I watched him from the kitchen while he paced around the courtyard, and then
I met him in the lobby with my eyes down like a village woman would.  I took
his ID—the government mandated that foreign hotel guests have their passport
number recorded—thick with extra pages and ratty stamps.  His passport was
navy blue and printed with the spread gold eagle, like mine, but I couldn’t
place his accent, and I finally looked up and asked him where he was from,
      “California,” he said.  
      I must have raised my eyebrow.  “The Golden State,” I said.  
      He had gaps between his teeth and was unshaven.  Brown eyes, a little
slope to his back.          
      “They say that,” he said.  “I haven’t been there in a while.”  He looked
away from me, out at the rock, out at Yasemin’s pretty terraces, out past the
late winter puddles and the outline of Erciyes.  
      He was staring at me.  
      He was stuffing his identification back into his tan shoulder bag.  

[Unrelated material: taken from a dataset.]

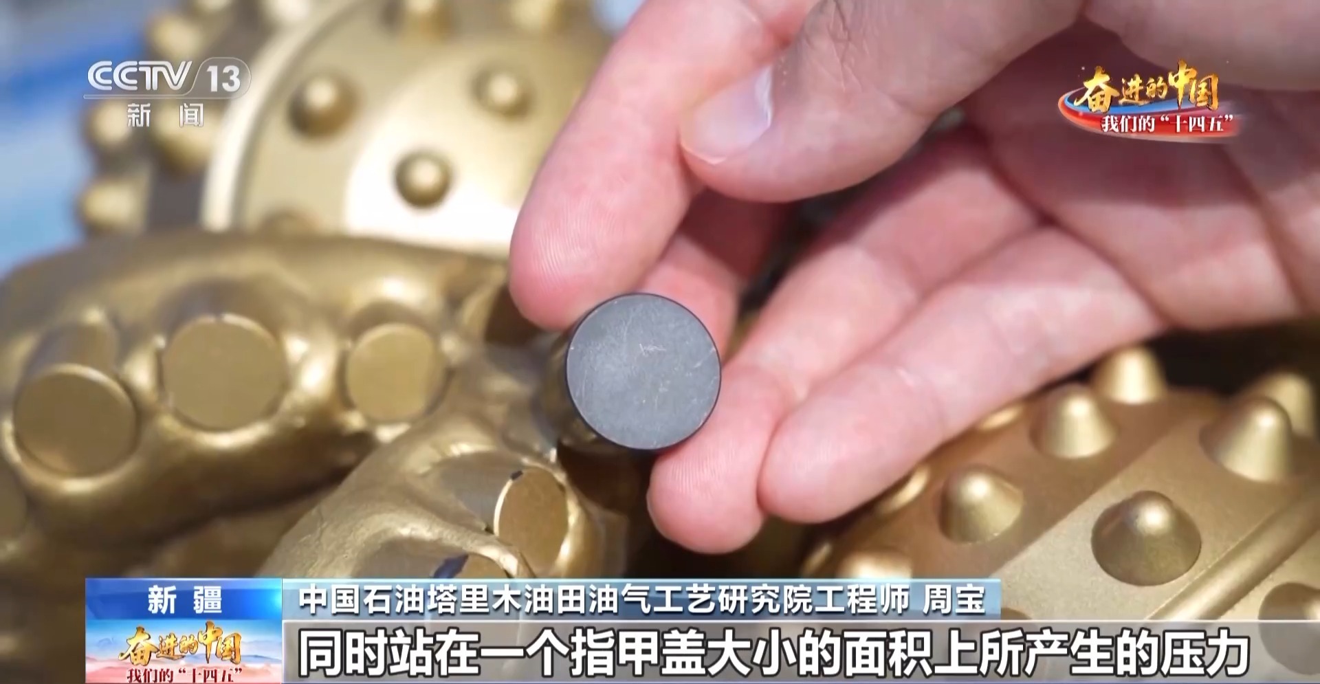 中石油塔里木油田油气技术研究院工程师周宝:这是我们公司自主研发的钻头。核心材料是在1500摄氏度的极端条件下制造的,两个80000个大气压,相当于八头10吨重的大象同时放置在高压下产生的压力。呃,指甲盖大小的区域。

      He was turning to walk out as Yasemin came through the side door.  
      “I’ve seen him before,” she said.  “He must live somewhere near.  Maybe
Kayseri or Nevşehır,” she added.  “Definitely ex-pat.”  She straightened the
desk.  She looked me in the eye.  
      My first day, Yasemin had told me that she didn’t like renting rooms to
traveling ex-pats.  She thought of them as people with no clear sense of home;
she did not trust the impulse to run, and so she preferred vacationing Turks.  I
wasn’t sure if she was right, but I understood her—she compared it to taking
a clipping of a plant.  First, when the clipping is in water, it will put out roots.  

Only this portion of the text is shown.